I have moved to your plugin without issue. Finished late in the day yesterday re-configuring. Came in today and it is looking good. We have had a few core switch issues recently and I had lost stats curing those periods of time when my MDM failed to another. It will be nice that the stats just keep coming in. This is a great enhancement to the monitor.
thanks a lot for your feedback. Now that your are quering the gateway you'll get the data also if the MDM role switches, that was one of the limit that I identified in SwissCom implementation.
I'm planning to release a new version of the plugin in order to gave the possibiity to monitor SDS network latencies and disk latencies. I'm thinking about how to implement this: probably I will add a configuration parameter to declare the list of SDS and disks to be monitored. In my small ScaleIO infrastructure (3 nodes) I can monitor all of them, in bigger deployments the graph can be unreadable so I want to give to the user the possibility to choose the components to be monitored.

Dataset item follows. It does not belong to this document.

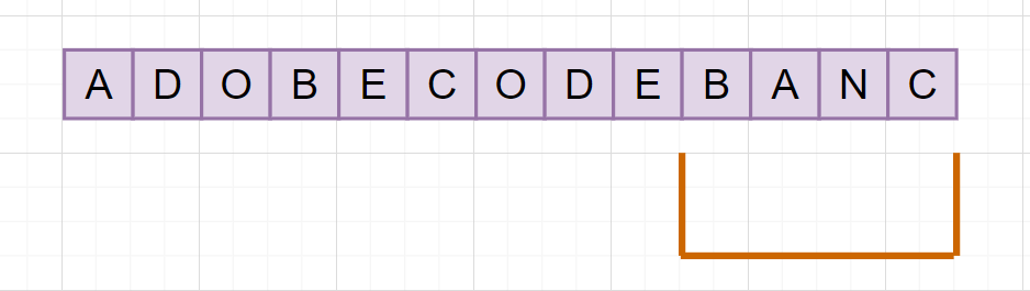 不断重复以上的步骤,把找到满足条件的窗口保存下来,比较得出最小的子串。示例满足条件的最小子串是BANC

I will update this forum as soon as I will release a newer version. If you have suggestions you're welcome!
Hi Davide, we found the python / collectd implantation using the ScaleIO GW and we are in the process to test it out.
We are using version ScaleIO 2.0.13000.211
We can interactively log in to the GW using the browser and credentials, that works correctly
Here is the collectd.conf file
Debug true # default: false
Verbose true # default: false
Gateway "##.##.##.##:443" # ScaleIO Gateway IP Address and listening port. (Mandatory)
Cluster "##" # Cluster name will be reported as the collectd hostname, default: myCluster
Pools "###" # list of pools to be reported (Mandatory)
MDMUser "#####" # ScaleIO MDM user for getting metrics (Mandatory)
MDMPassword "####" # Password of the ScaleIO MDM user (Mandatory)
All looks good, but unfortunately getting errors on the colelctd status.
# systemctl status collectd.service
● collectd.service - Collectd statistics daemon
Loaded: loaded (/usr/lib/systemd/system/collectd.service; enabled; vendor preset: disabled)
Active: active (running) since Fri 2018-03-02 16:19:10 PST; 7s ago
Main PID: 10070 (collectd)
Mar 02 16:19:10 collectd: plugin_load: plugin "network" successfully loaded.
Mar 02 16:19:10 collectd: plugin_load: plugin "python" successfully loaded.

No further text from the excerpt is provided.